Oh that's a kick in the pants...sorry to hear that CalgaryPT.  You never know the new owner just might change his mind also.  I'm surprised as heck that people would be bidding things up in this new covid world, I would have thought that something like that would have lost potential buyers.


----------



## Chicken lights (Apr 16, 2020)

https://hackaday.com/2018/10/13/save-a-linotype-machine-for-future-generations/

Looks like you’re not the only one wanting to save them


----------



## CalgaryPT (Apr 16, 2020)

Thanks guys. Even my wife was disappointed when I told her, and considering it would have been yet another machine, that's saying something. But I now know it is best as I just don't have the room. I'll watch the movie again instead. Still lots of fun.

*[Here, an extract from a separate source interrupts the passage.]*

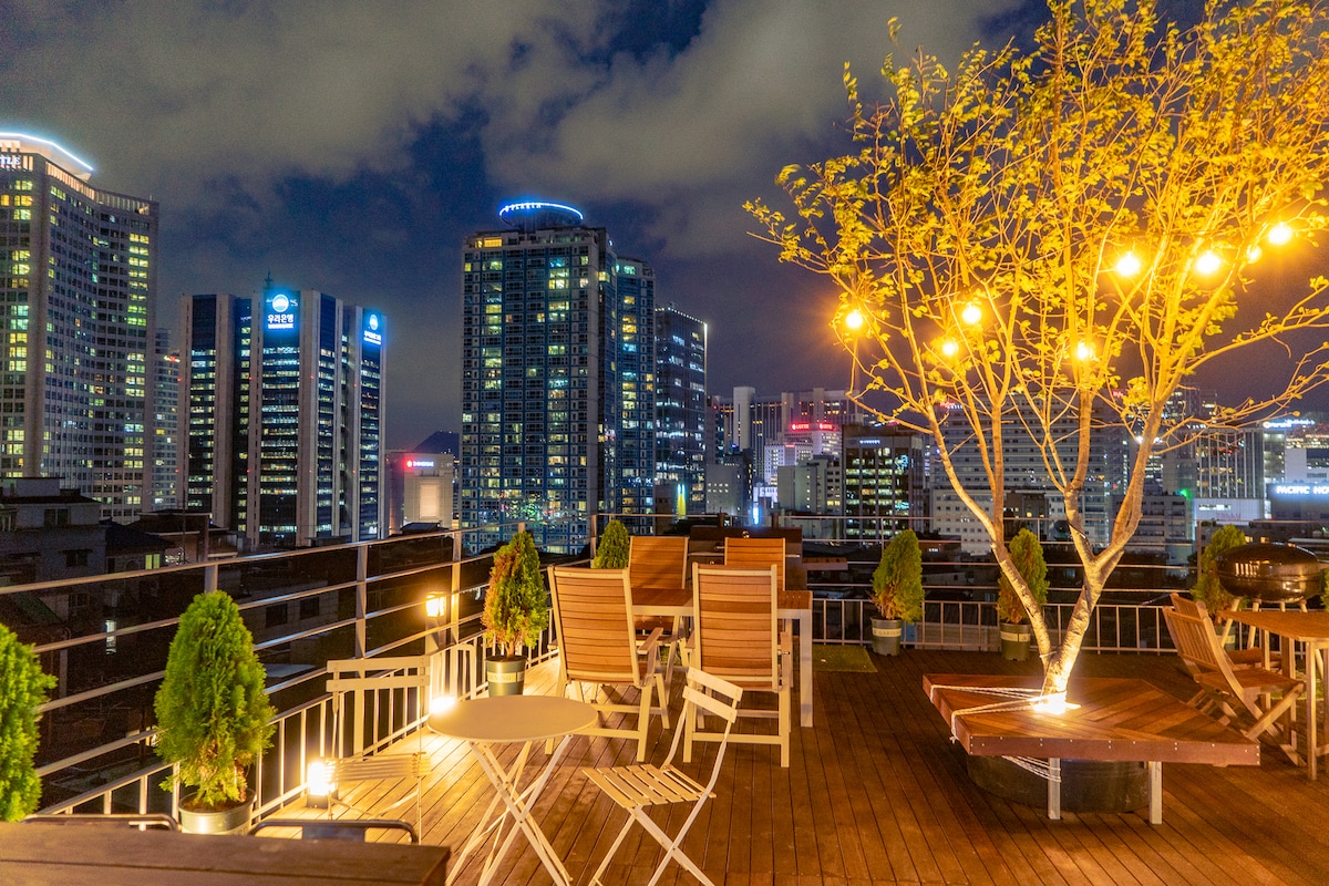 Loftíbúð, þakíbúð, 5 mín frá Myeondong, grill

My earliest memory of these machines when I was 5 or 6 years old was at night, when I would go back to the shop with my uncle to lock up. All the lights were out and you'd walk through the little in-house machine shop to get to the print floor. You'd see the furnaces glowing all night long, and the lead ingots hanging from chains into their crucibles where there'd be a lake of molten lead. So cool. Like a movie to a 5 year old.


----------



## YYCHM (Apr 16, 2020)

Bummer


----------



## Tom O (Apr 16, 2020)

David_R8 said:


> I'm very sorry to hear this. I have printing in my blood and I feel your pain.


What kind of printing? 
I worked at the Calgary Herald.


----------



## Dabbler (Apr 17, 2020)

I still feel nostalgic when I rember touring the Hamilton Spectator when I was in grade 7, a mere 100 years ago (!) and watching those linotype machines... I even convinced them to give me a row of type (which I have lost throu the ages.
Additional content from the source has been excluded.